The Case Against Autodecode

Mon May 30 13:30:14 PDT 2016

On 30.05.2016 21:28, Andrei Alexandrescu wrote:
> On 05/30/2016 03:04 PM, Timon Gehr wrote:
>> On 30.05.2016 18:01, Andrei Alexandrescu wrote:
>>> On 05/28/2016 03:04 PM, Walter Bright wrote:
>>>> On 5/28/2016 5:04 AM, Andrei Alexandrescu wrote:
>>>>> So it harkens back to the original mistake: strings should NOT be
>>>>> arrays with
>>>>> the respective primitives.
>>>>
>>>> An array of code units provides consistency, predictability,
>>>> flexibility, and performance. It's a solid base upon which the
>>>> programmer can build what he needs as required.
>>>
>>> Nope. Not buying it.
>>
>> I'm buying it. IMO alias string=immutable(char)[] is the most useful
>> choice, and auto-decoding ideally wouldn't exist.
>
> Wouldn't D then be seen (and rightfully so) as largely not supporting
> Unicode, seeing as its many many core generic algorithms seem to
> randomly work or not on arrays of characters?

In D, enum does not mean enumeration, const does not mean constant, pure 
is not pure, lazy is not lazy, and char does not mean character.

> Wouldn't ranges - the most
> important artifact of D's stdlib - default for strings on the least
> meaningful approach to strings (dumb code units)?

I don't see how that's the least meaningful approach. It's the data that 
you actually have sitting in memory. It's the data that you can slice 
and index and get a length for in constant time.

> Would a smattering of
> Unicode primitives in std.utf and friends entitle us to claim D had dyed
> Unicode in its wool? (All are not rhetorical.)
>...

We should support Unicode by having all the required functionality and 
properly documenting the data formats used. What is the goal here? I.e. 
what does a language that has "Unicode dyed in its wool" have that other 
languages do not? Why isn't it enough to provide data types for 
UTF8/16/32 and Unicode algorithms operating on them?

> I.e. wouldn't be in a worse place than now? (This is rhetorical.) The
> best argument for autodecoding is to contemplate where we'd be without
> it: the ghetto of Unicode string handling.
> ...

Those questions seem to be mostly marketing concerns. I'm more concerned 
with whether I find it convenient to use. Autodecoding does not improve 
Unicode support.

> I'm not going to debate this further (though I'll look for meaningful
> answers to the questions above).

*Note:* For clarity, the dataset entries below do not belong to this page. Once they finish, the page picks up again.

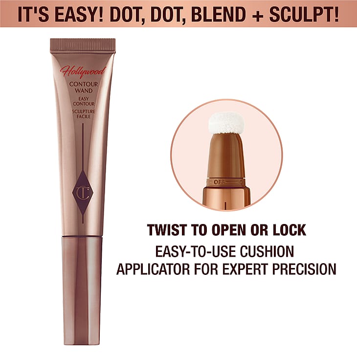 Charlotten kerrostettava ja häivytettävä voidemainen muotoilumeikkipuikko on salaisuus muokattuihin punaisen maton poskipäihin sekunneissa! Helppokäyttöisessä puikossa on virheitä estävä, helposti lukittava tyynyapplikaattori, jolla voit hallita levitystä ja muokata piirteitäsi. Levitä, häivytä ja muokkaa!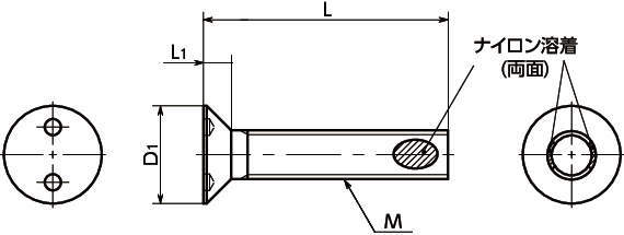 ・ねじ部に溶着したナイロンの摩擦によってねじの戻り回転を抑制します。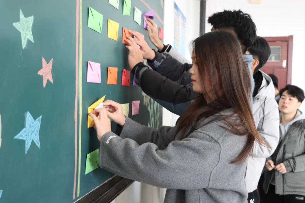 经济管理学院通过团体小游戏“撕纸人生”引导学生知晓时间管理的重要,同学们在“朋辈互动”“家长寄语”的美好祝愿中收心归位,扬帆起航。
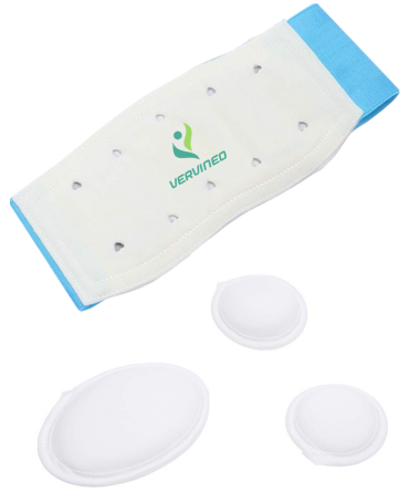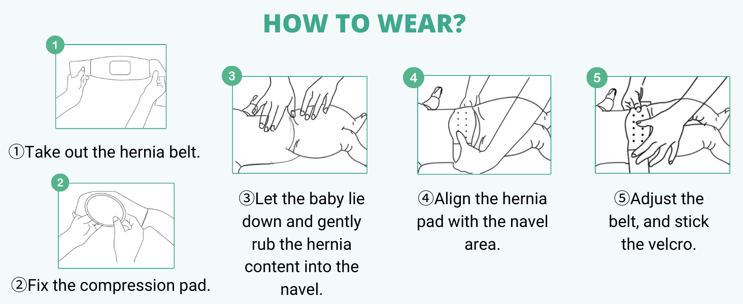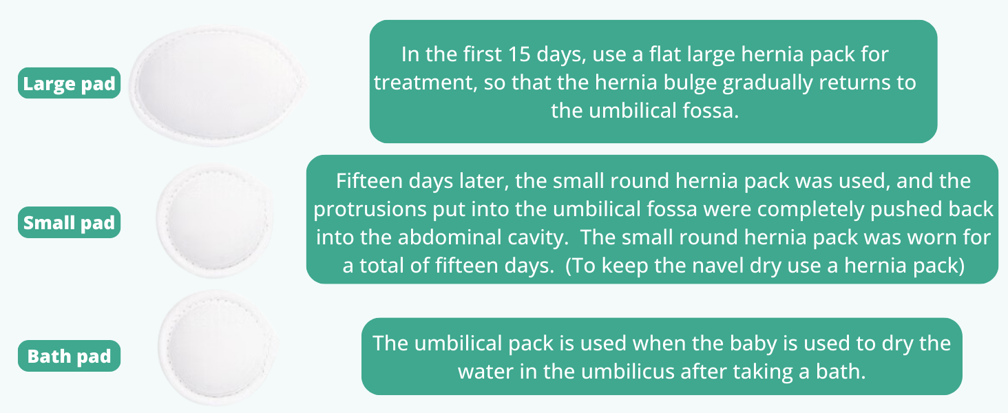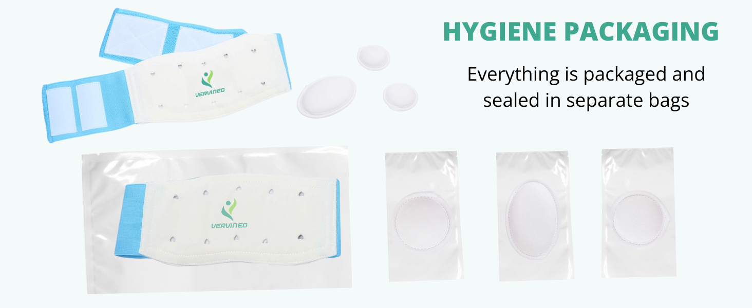 The package includes a belly band and three interchangeable support pads, each sealed in separate hygienic bags. Instructions are also included to guide you on which padding to use at different stages of your baby’s recovery.
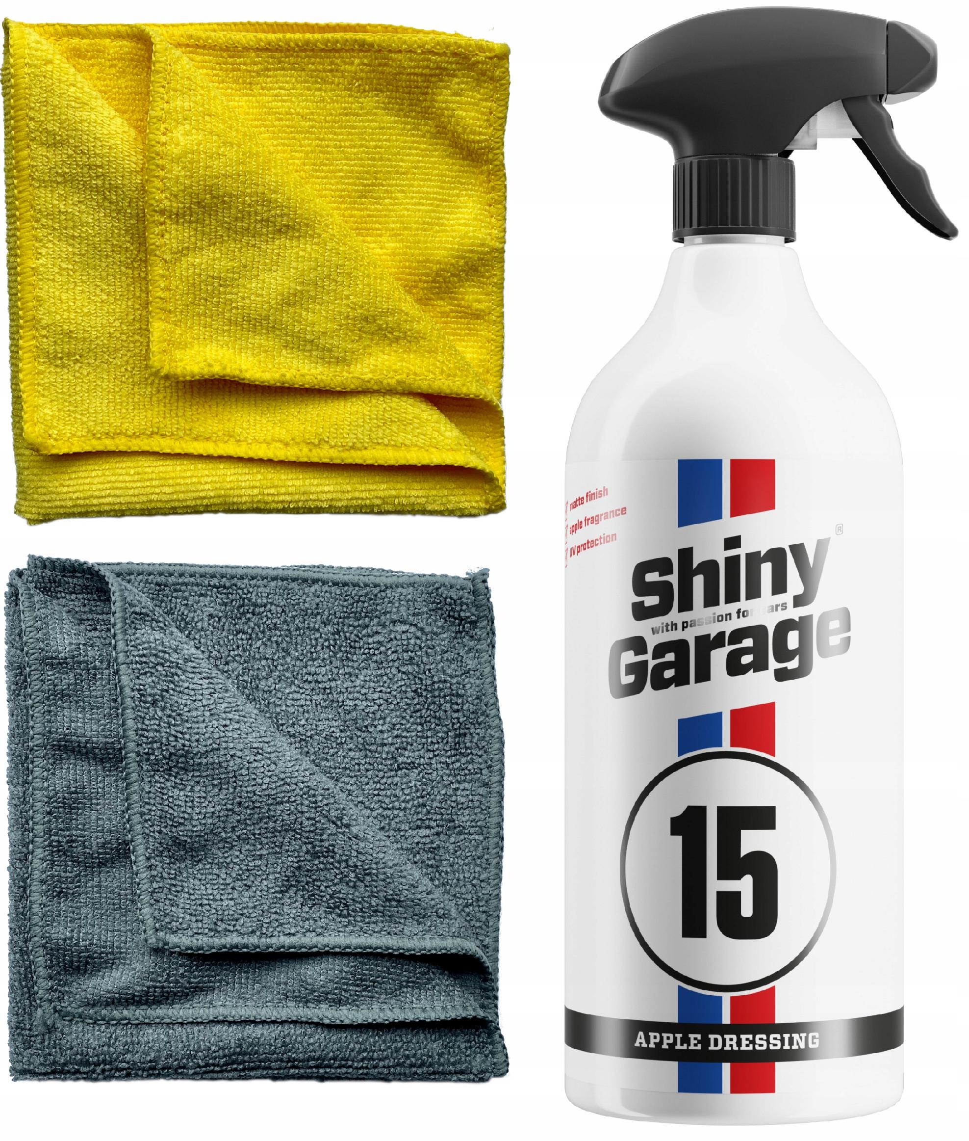 Shiny Garage Apple Plastic Dressing to preparat do pielęgnacji elementów plastikowych, drewnianych i chromowanych wewnątrz samochodu. Odpowiednia kompozycja wosków sprawia, że produkt bardzo dobrze odżywia, pozostawiając matowe wykończenie i przyjemny jabłkowy zapach.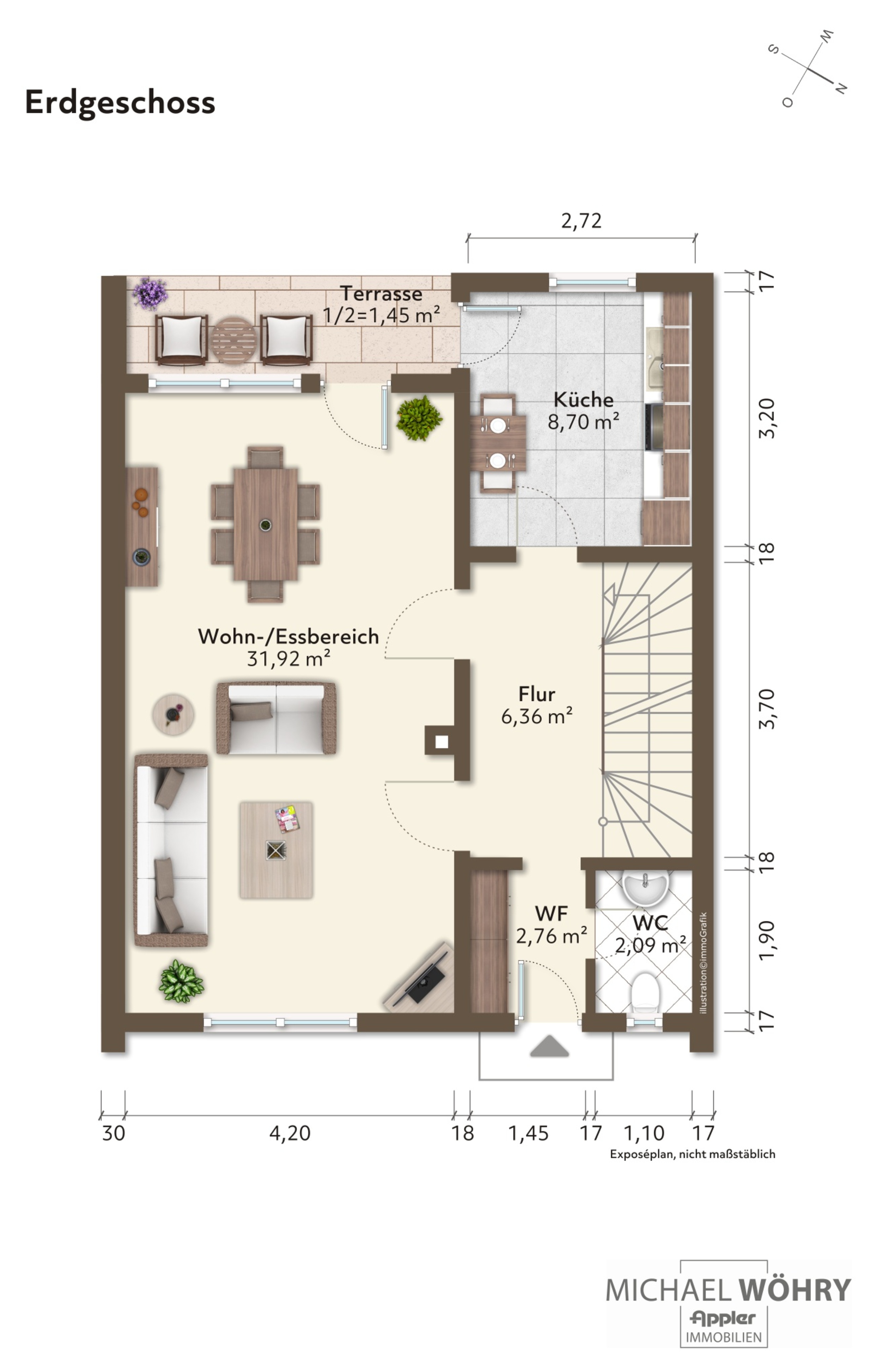 (ca. 31 m²). Vom Wohnbereich gelangen Sie auch auf auf die sonnige Terrasse samt Südwestgarten. Eine Hecke sorgt für einen nahezu uneinsehbaren Garten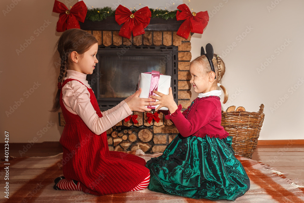 Two children with a gift near the decorated fireplace. The girl gives a gift to her sister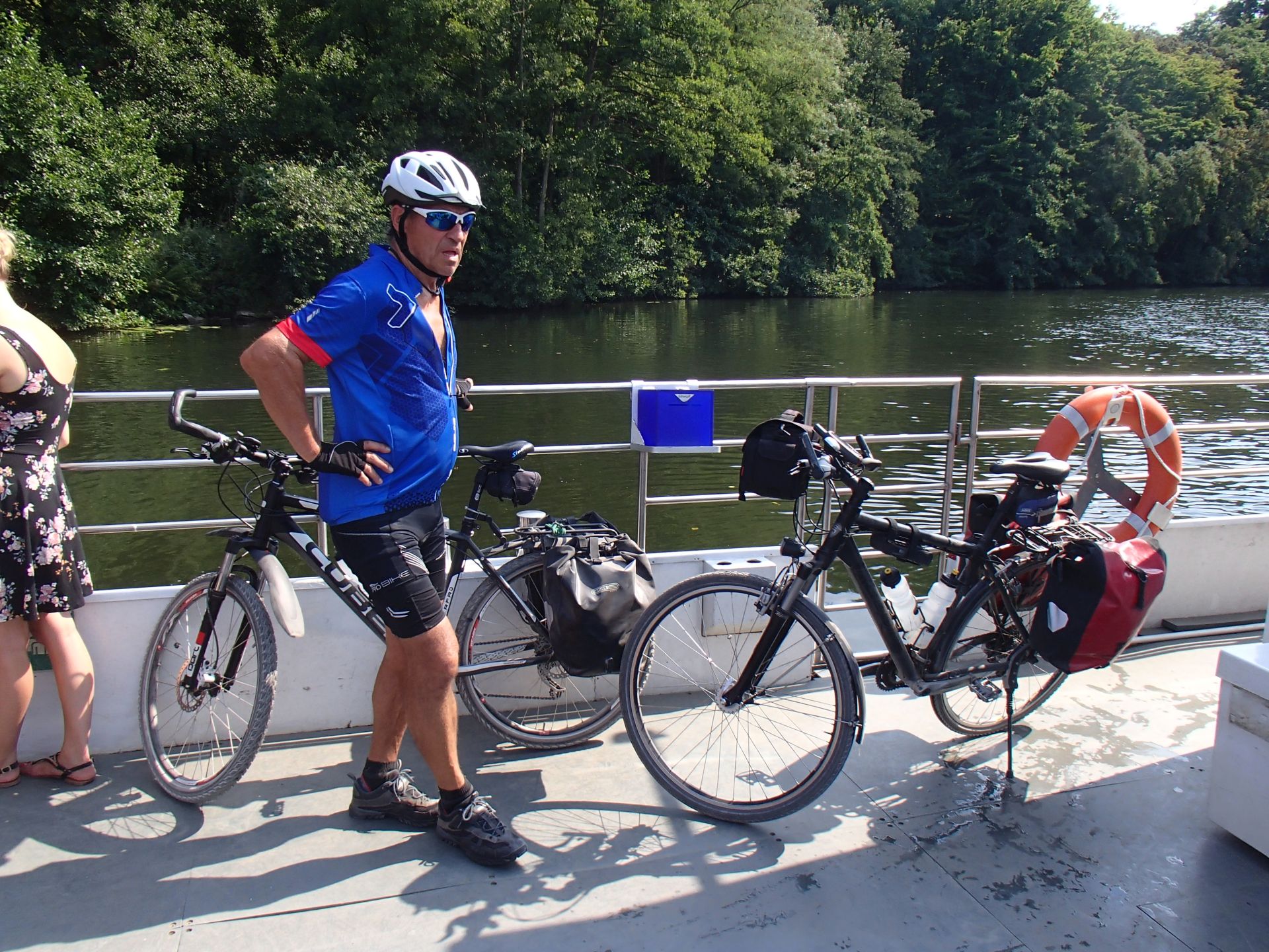 Ich hatte mir mehr Zeugnisse der Schwerindustrie erhofft, für die das Ruhrgebiet früher stand. In der Praxis fuhren wir von einem Erholungsgebiet zum nächsten (Hengsteysee, Harkortsee, Kemnader See und das idyllische Ruhrtal zwischen Hattingen Bochum Dahlhausen). Den ganzen Tag über konnten wir wegen des extrem hochsommerlichen Wetters schon die lokale Bevölkerung beim Baden in Relaxen in den Ruhrauen bobachten. Beim letzten Boxenstopp des Tages kurz vor Essen-Steele planten wir um. Da der Volker schon seit dem zweiten Tag starke Sitzbeschwerden hatte und die Temperaturen sich deutlich höher als vorhergesagt entwickelt hatten, wollte er sich den letzten Tag nicht mehr antun. So trennten wir uns in Essen-Steele, er steuerte den Hbf an und ich wie geplant Gelsenkirchen.

But this thread has been informative in
> that it did little to change my conviction that autodecoding is a good
> thing for D, all things considered (i.e. the wrong decision to not
> encapsulate string as a separate type distinct from bare array of code
> units). I'd lie if I said it did nothing. It did, but only a little.
>
> Funny thing is that's not even what's important. What's important is
> that autodecoding is here to stay - there's no realistic way to
> eliminate it from D. So the focus should be making autodecoding the best
> it could ever be.
>
>
> Andrei
>

Sure, I didn't mean to engage in a debate (it seems there is no decision 
to be made here that might affect me in the future).